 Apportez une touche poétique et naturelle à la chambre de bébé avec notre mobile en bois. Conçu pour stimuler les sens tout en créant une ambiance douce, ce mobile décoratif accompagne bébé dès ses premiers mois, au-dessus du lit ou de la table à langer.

==

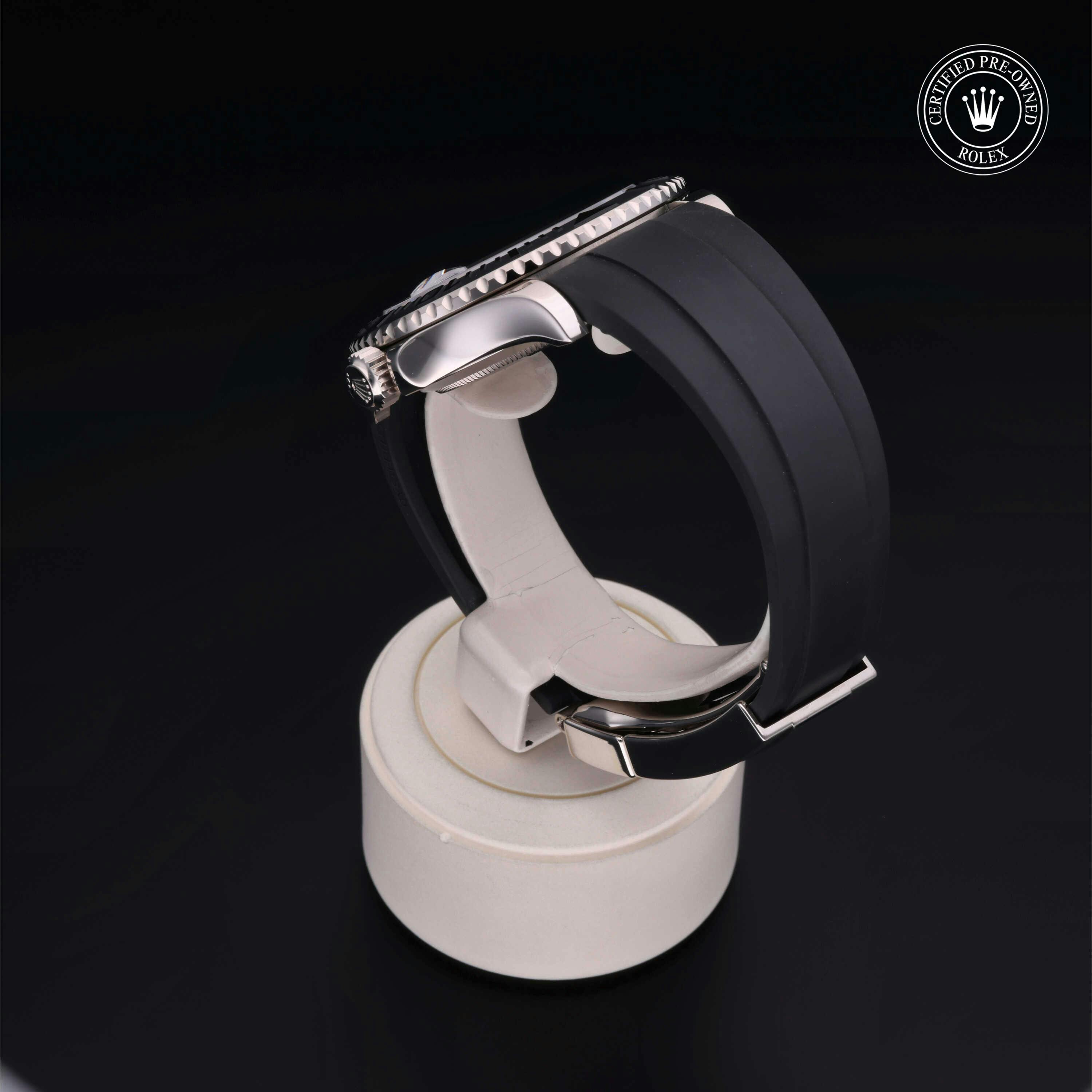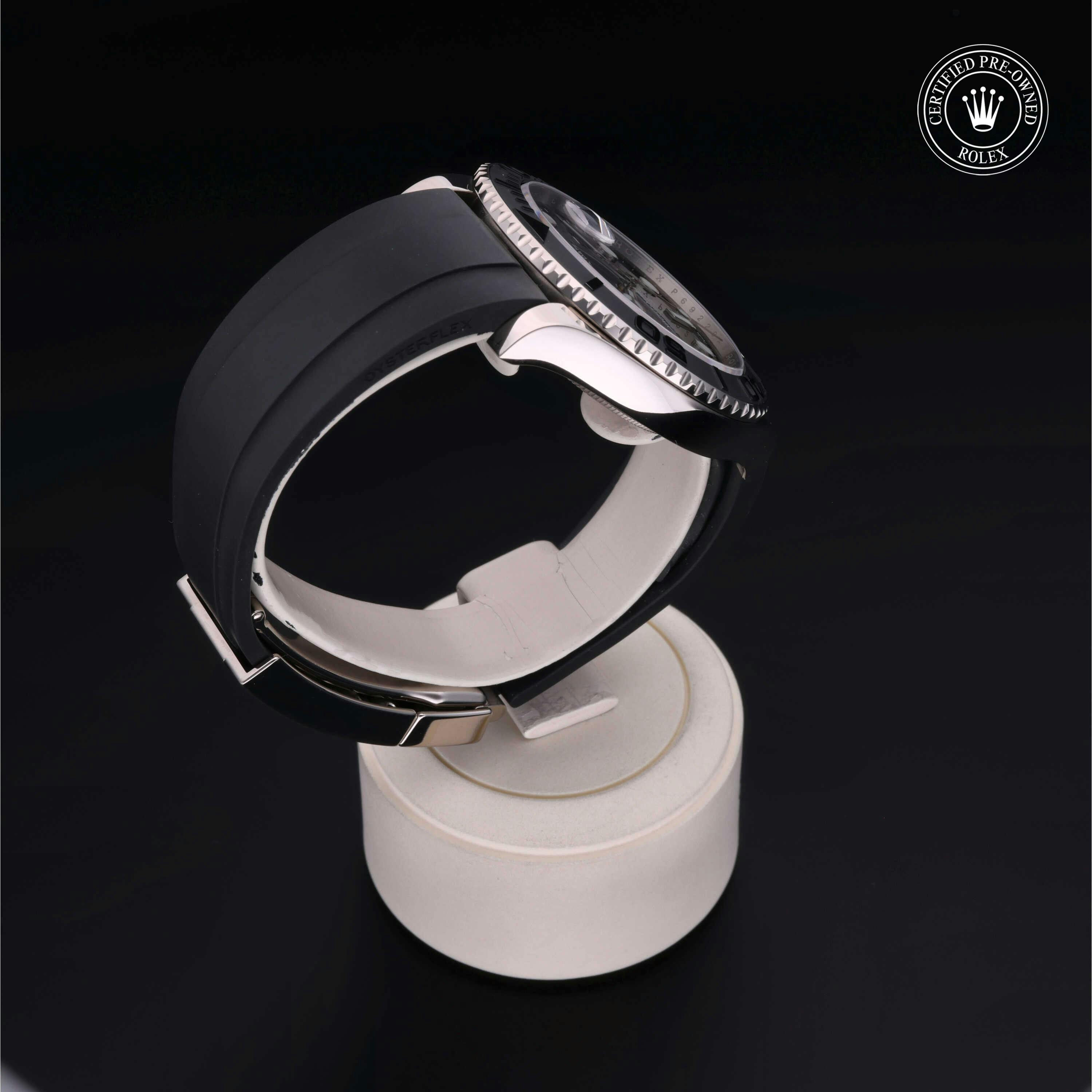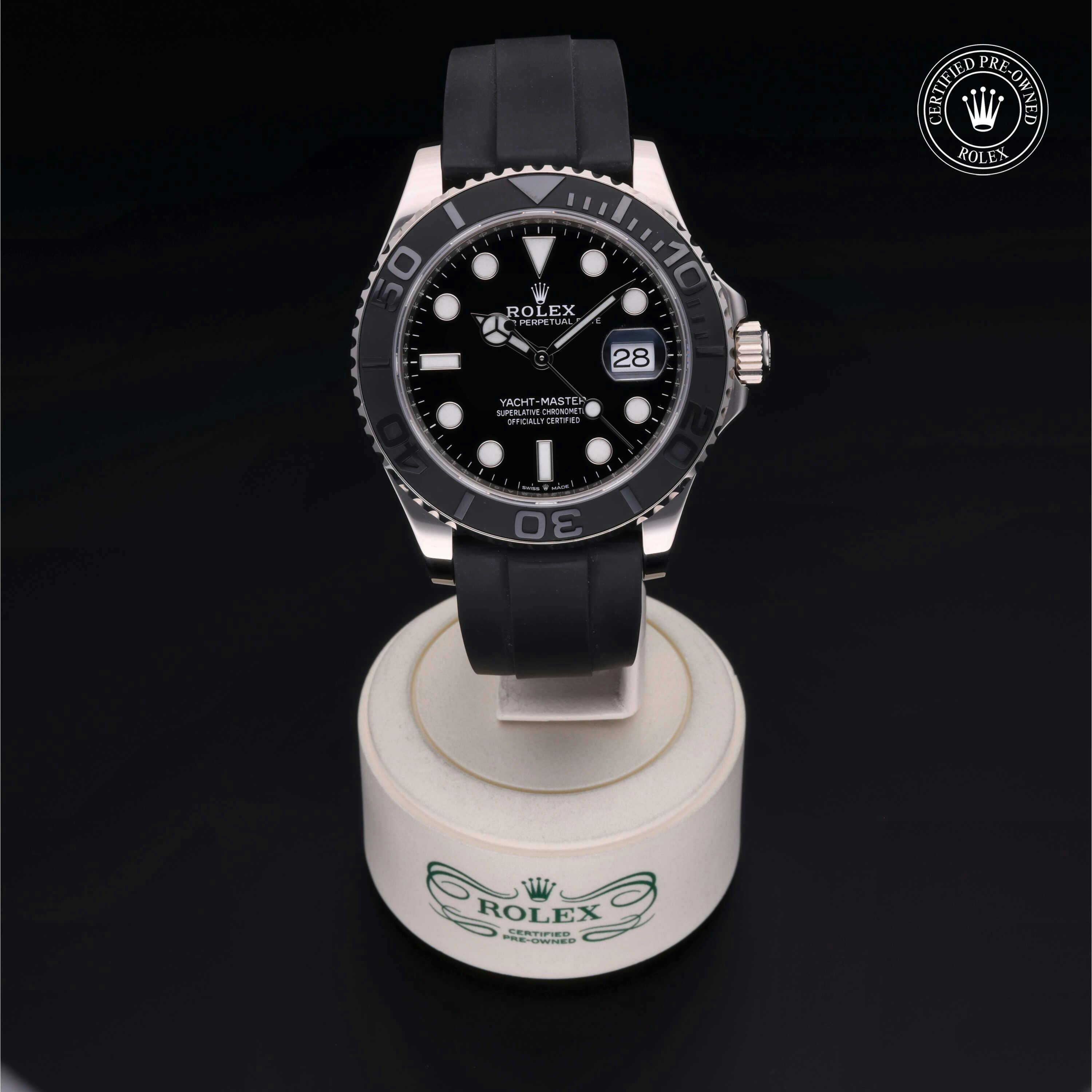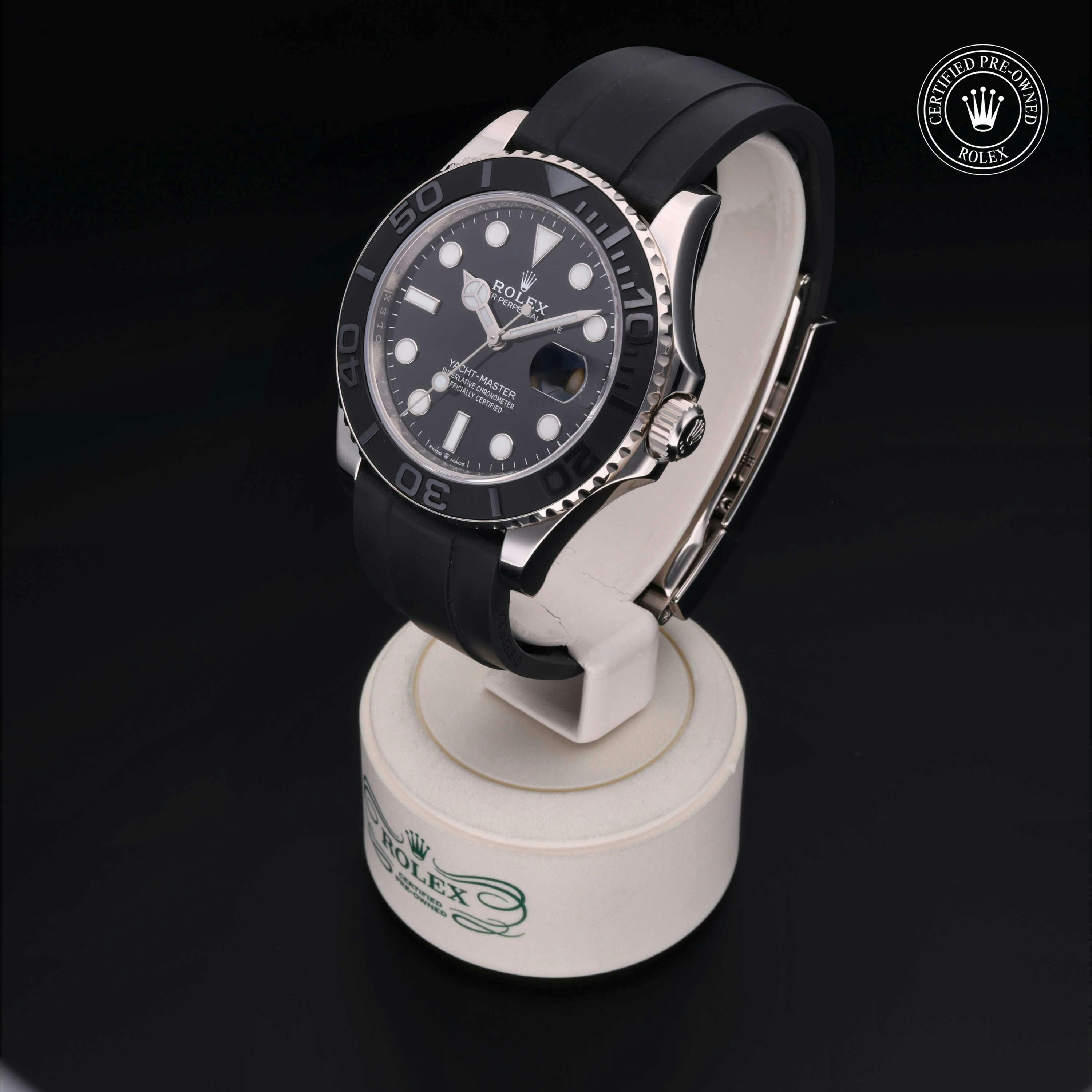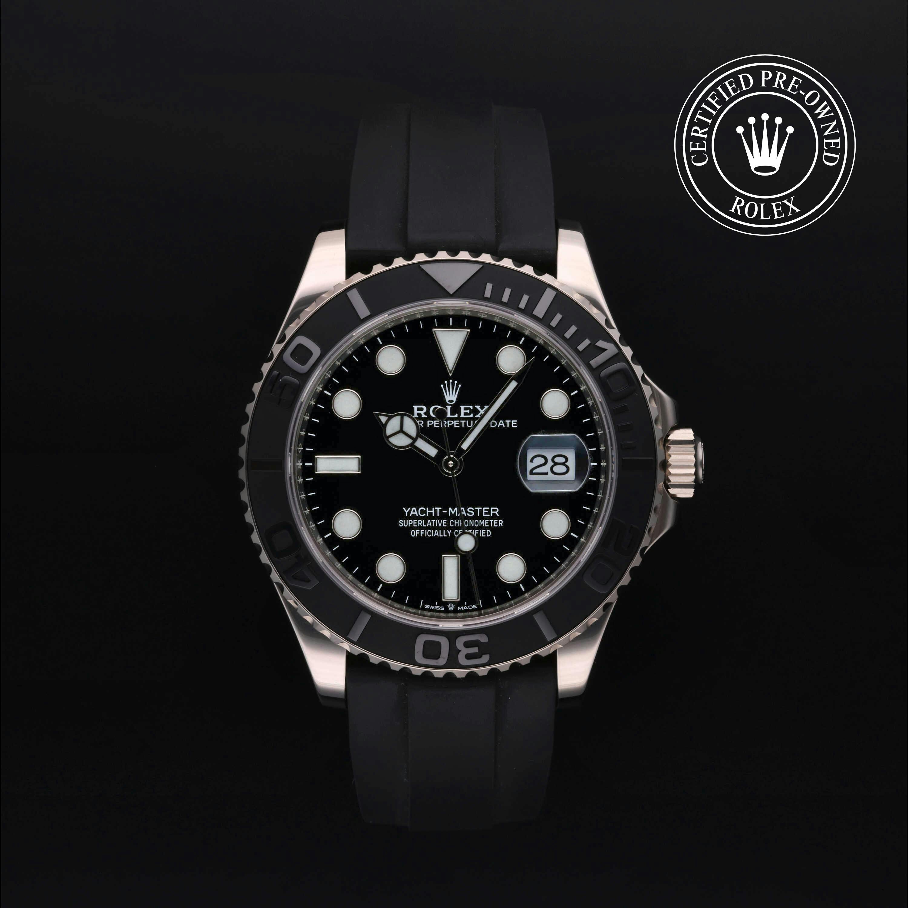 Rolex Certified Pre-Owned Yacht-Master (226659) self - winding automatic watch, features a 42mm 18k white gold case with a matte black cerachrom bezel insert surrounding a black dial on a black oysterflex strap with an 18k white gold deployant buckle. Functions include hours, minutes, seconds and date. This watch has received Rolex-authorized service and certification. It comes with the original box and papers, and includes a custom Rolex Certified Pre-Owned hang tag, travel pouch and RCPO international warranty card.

==

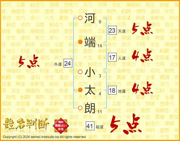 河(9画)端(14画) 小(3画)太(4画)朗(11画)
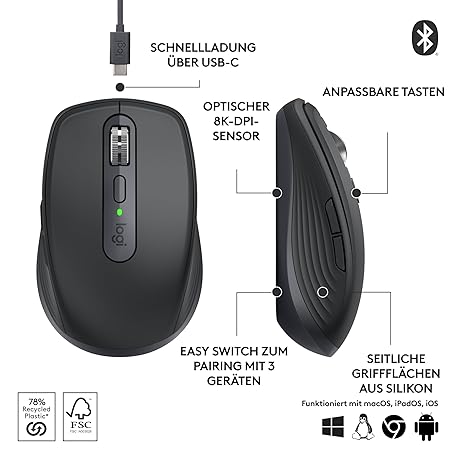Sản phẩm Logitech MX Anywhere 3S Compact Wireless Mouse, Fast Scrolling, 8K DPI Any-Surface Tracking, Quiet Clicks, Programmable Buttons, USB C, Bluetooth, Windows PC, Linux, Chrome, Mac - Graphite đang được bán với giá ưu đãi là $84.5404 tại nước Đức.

EXERCISE DETAILS
In the records above, find the line with "河(9画)端(14画) 小(3画)太(4画)朗(11画)" and the line with "Sản phẩm Logitech". Write out exactly those lines and every one between, with no pictures and no other lines.

FINISHED EXERCISE
 河(9画)端(14画) 小(3画)太(4画)朗(11画)
Sản phẩm Logitech MX Anywhere 3S Compact Wireless Mouse, Fast Scrolling, 8K DPI Any-Surface Tracking, Quiet Clicks, Programmable Buttons, USB C, Bluetooth, Windows PC, Linux, Chrome, Mac - Graphite đang được bán với giá ưu đãi là $84.5404 tại nước Đức.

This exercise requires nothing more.